1 - conquer my anxiety, or at least win a few battles against it. considering the craziness the holidays can bring, i felt relatively calm. i think my anxiety had to take a back seat to my head cold right before christmas as i laid low and tried to get well before the holiday season took over.
2 - be more thoughtful of others, especially around special occasions. i hope that everyone liked my gifts for christmas, i feel pretty good about that what i chose to give (apart from the gift card overload for one brother because no one ever knows what to get him). having spent the past weekend at a wedding, i feel that those around me knew how important they are, it really was lovely.

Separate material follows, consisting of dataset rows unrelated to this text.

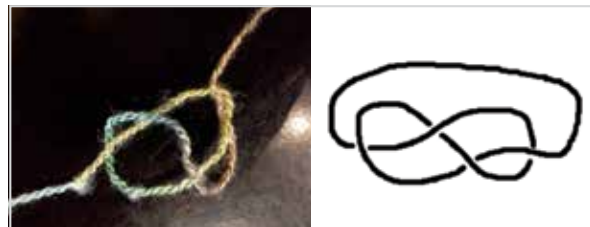
Figure 4. Cinquefoil

Look at the star shape with the 5 crossings: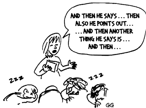
THE EFFECT OF A TYPICAL LIST SUMMARY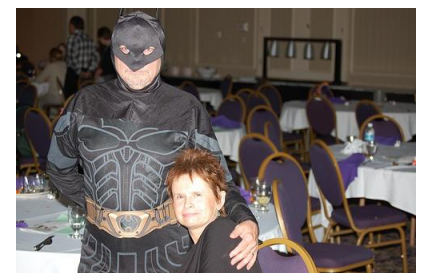
Batman on super secret mission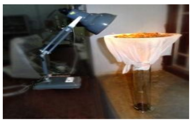
Fig-1. Open Glass Funnel Apparatus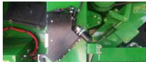
Side Mount Moisture Sensor Installation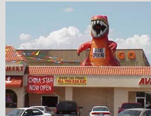
Inflatable Signs and Tethered Balloons

Flashing, fluttering, swinging, rotating, or moving signs (Examples: Air Dancers/Fly Guys)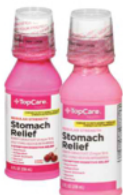
Topcare Stomach Relief original or cherry flavored 8 oz.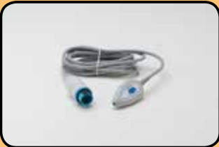
ACC- 017D065 Safelinc FECG connection lead (Team IP only)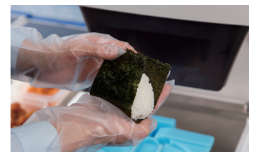
8. Finish to make

TOA dimension: 310Wx370Dx84H mm After setup dimension: 395Wx640Dx609.5H mm *Excluding optional molds Weight: Approx. 3.5kg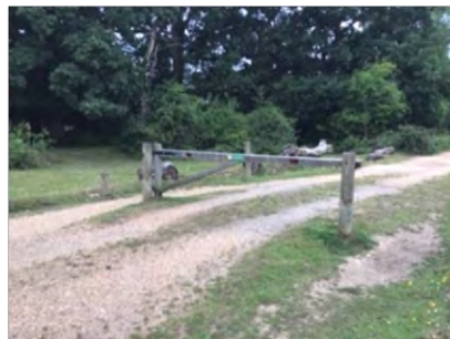
Forestry Commission gate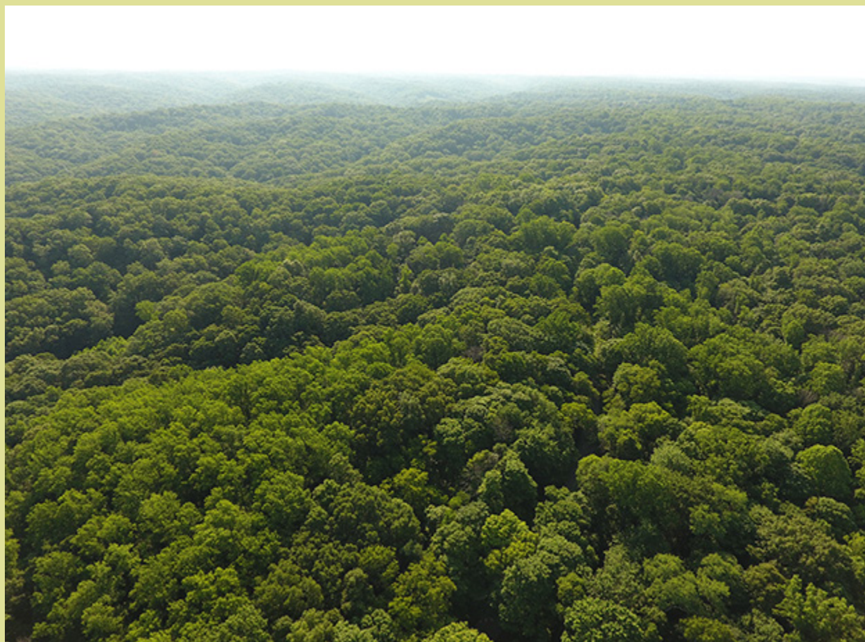
Morgan-Monroe State Forest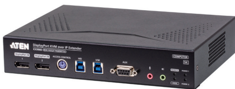
KX9980T Rear View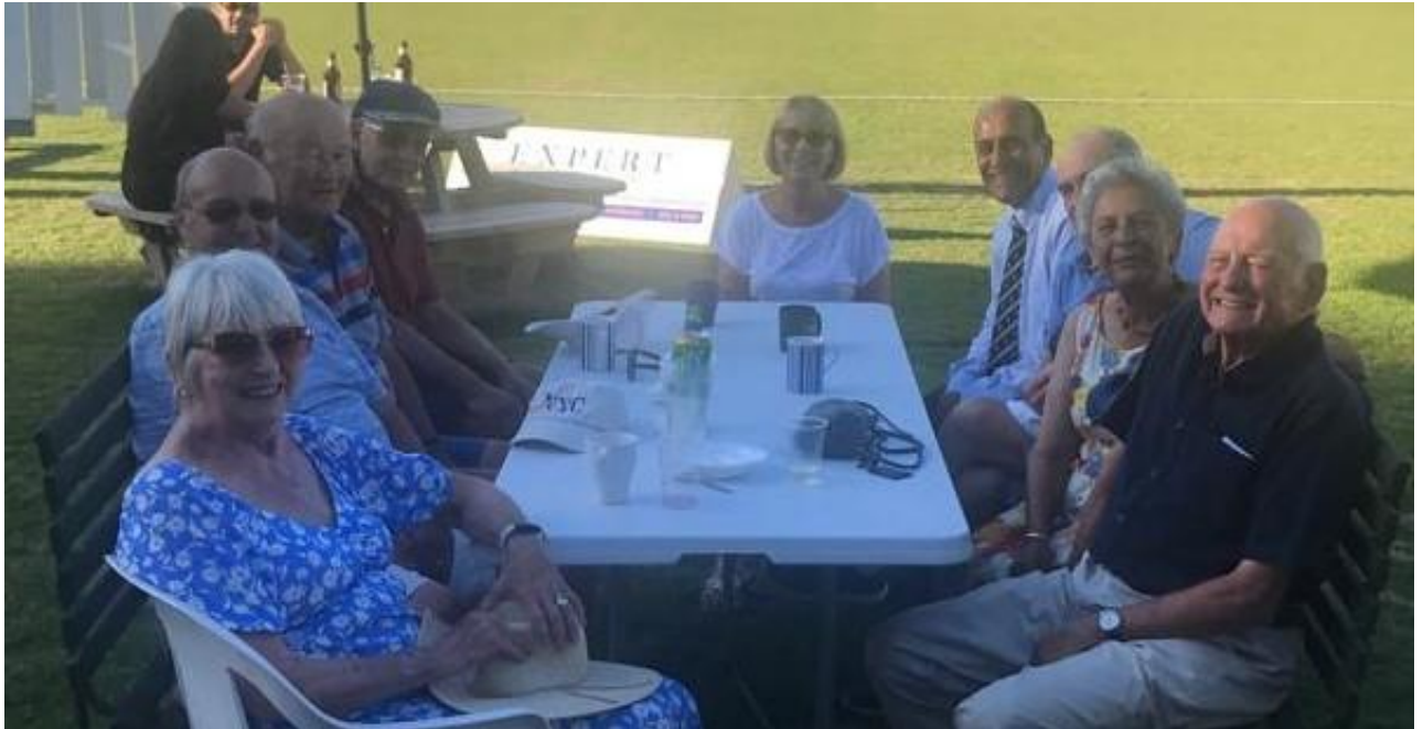
Some clearly particularly enjoyed their day!

3 - continue making visiting family and friends a priority. as much as i want to visit friends and family who live in different places, i now have a spare room and a sofa bed to welcome guests!
4 - nail down some sort of short-term career goals. i have deemed 2011 the year of the life plan. a year where i hope i find my next path that will provide me with direction towards a goal. i am still debating about a potential career opportunity and mainly because i am still struggling to answer the question where do i want to be? and what do i want to do?
5 - lay a nest egg to accompany my nest. not planning international travel makes it a little easier on the budget. christmas was pricey in some regards, but i am starting 2011 with a small nest egg and some organisation around my finances, although there is certainly a long way to go and a lot for me to learn.
6 - eat more balanced, regular meals. i have not been cooking too often as there have been so many meals to be eaten with friends and family recently, but they have been pretty stellar and i have eaten well, if not made the healthiest choices... in my post-new years day wedding hangover, i ate wendy's today and as i was dipping a chip in ketchup, i realised that i also had chips with a burger yesterday afternoon for lunch! whoops.
7 - sleep an appropriate amount. while battling my pre-hoilday illness, i slept a lot. i think it helped. and it was quite lovely not to wake up to an alarm to be in the office during my recent staycation. i am not one to make new year's resolutions or to believe the new year really begins in january (i still contend that the year turns over and new beginnings happen in the fall), i think that getting my life in order is at the top of my list. less going out, better sleeping patterns, and making sure that early mornings are not a rarity but a regular occurrence.
8 - maintain my priorities. i have enjoyed a slower december and like i just said in #7, i am going to get my life better organised in hopes that it will bring clarity of what 2011 will be about. and more importantly, what i want it to be about. i guess i have not so much maintained my priorities, but set myself up to nail down some priorities.
9 - keep asking for what i want. i applied to go to new york in february with unicef for training and the first email that i got on new years day was confirmation that i have been selected to participate! i suppose that is a pretty good way to kick off the new year. but what is most important is that i need to do better at figuring out what i want to ask for. that is what 2011 will be about. or so i hope!